5 Incredible Health Benefits of Friendly Bacteria
1. Improve lactose digestion – Approximately 70% of the global population doesn’t produce lactase, an enzyme which is needed for lactose (milk sugar) digestion. Lactose intolerance often remains undiagnosed and can cause significant gut related and even wider health problems. Up to 10% of patients with IBS may simply have undiagnosed lactose intolerance. Fermented dairy products such as kefir, which contain naturally high levels of good bacteria, have been shown to improve lactose tolerance, likely due to the ability of friendly bacteria to produce lactase and help with lactose digestion. Probiotic supplementation with specific strains has also been shown to improve lactose digestion in those with lactose intolerance.
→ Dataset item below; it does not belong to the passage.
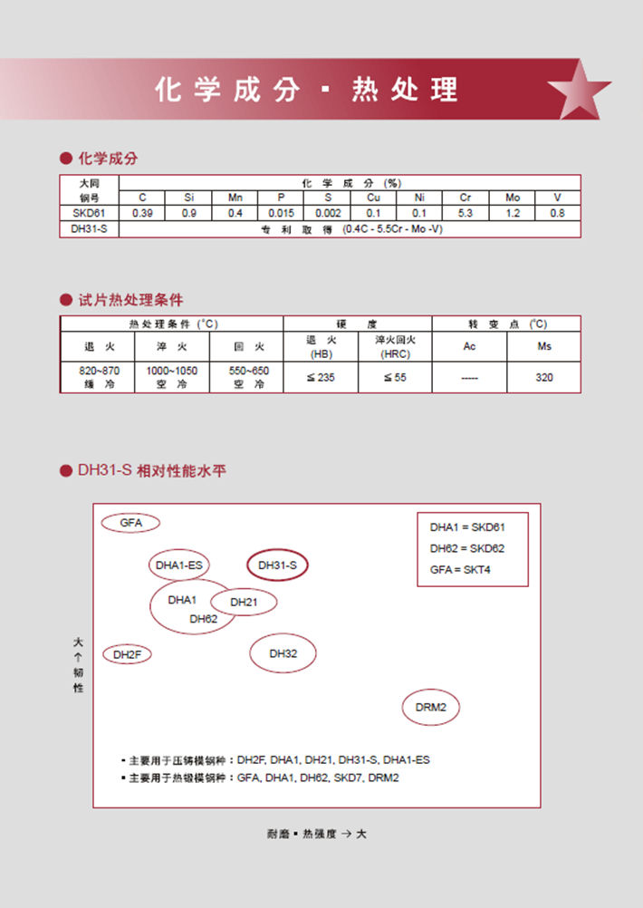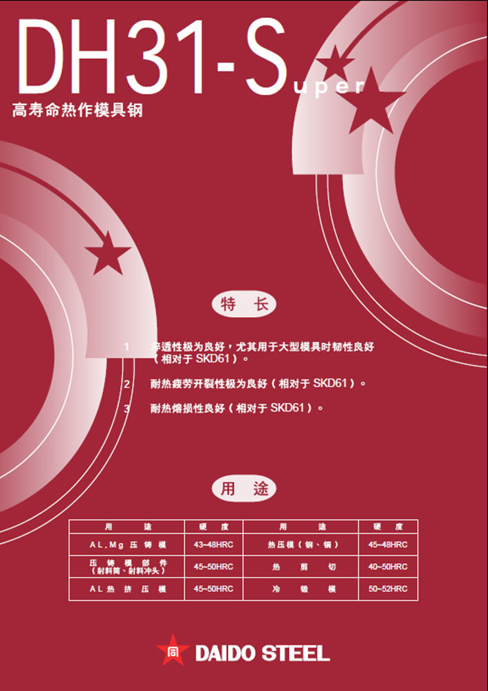 日本大同DH31-S熱作模具鋼:高韌性*高溫強度改良鋼

In one study, the addition of high dose L. acidophilus NCFM® to milk was found to improve lactose digestion and reduce common symptoms of lactose intolerance including bloating, diarrhoea and gas in 9 out of 10 children with lactose intolerance.1
2. Prevent urinary tract infection (UTI) - Recurrent urinary tract infections (UTIs) are common in women and are associated with decreases in vaginal levels of friendly ‘Lactobacilli’ bacteria and an overgrowth of harmful bacteria. Lactobacilli are the dominant type of bacteria in the vaginal flora. Research has shown that L. acidophilus NCFM® may be a suitable probiotic strain for the prevention of UTIs in women.2 In another study, probiotic supplementation with Saccharomyces boulardii was found to be a useful support for the management of UTIs in children.3
3. Protect against bowel cancer - Some microbial enzymes are thought to promote the production of carcinogenic compounds, and a typical Western diet, high in animal protein and low in dietary fibre may actually increase the activity of these harmful enzymes. Three human trials have demonstrated the ability of L. acidophilus NCFM® to significantly reduce the activity of these enzymes at a daily dose of 10-100 billion bacteria.4-6
4. Blood sugar balance – If you’ve ever experienced a mid-afternoon sugar craving, you’ll know exactly what a blood sugar dip feels like. One of the less well known roles of the gut microbiome is to support the way the body handles sugar, ultimately leaving you with more balanced energy and less likely to crash (into a bar of chocolate!) from a blood sugar dip. According to animal research studies, the gut microbiome may have a significant influence on the way the body handles sugar, and a 2010 placebo-controlled human trial found that supplementation with L acidophilus NCFM® for 4 weeks supported blood sugar balance compared with placebo.7
5. Mood & brain function – The gut-brain axis has been a hot topic in recent months, and rightly so. We now know that the gut microbiome has a massive effect on pretty much every aspect of health, including how you think and feel, and we also know that there is a close relationship between gastrointestinal disorders such as IBS and psychological problems such as anxiety and depression. Research into this area is still in its infancy, however early findings are starting to show the potentially vast impact the gut microbiome has on mood and brain function. In a 2018 study, researchers concluded that increased gut bacteria diversity may help to improve patient’s mood.8
1. Montes RG, Bayless TM, Saavedra JM, Perman JA. Effect of milks inoculated with Lactobacillus acidophilus or a yoghurt starter culture in lactose-maldigesting children. J Dairy Sci. 1995 Aug;78(8):1657- 64.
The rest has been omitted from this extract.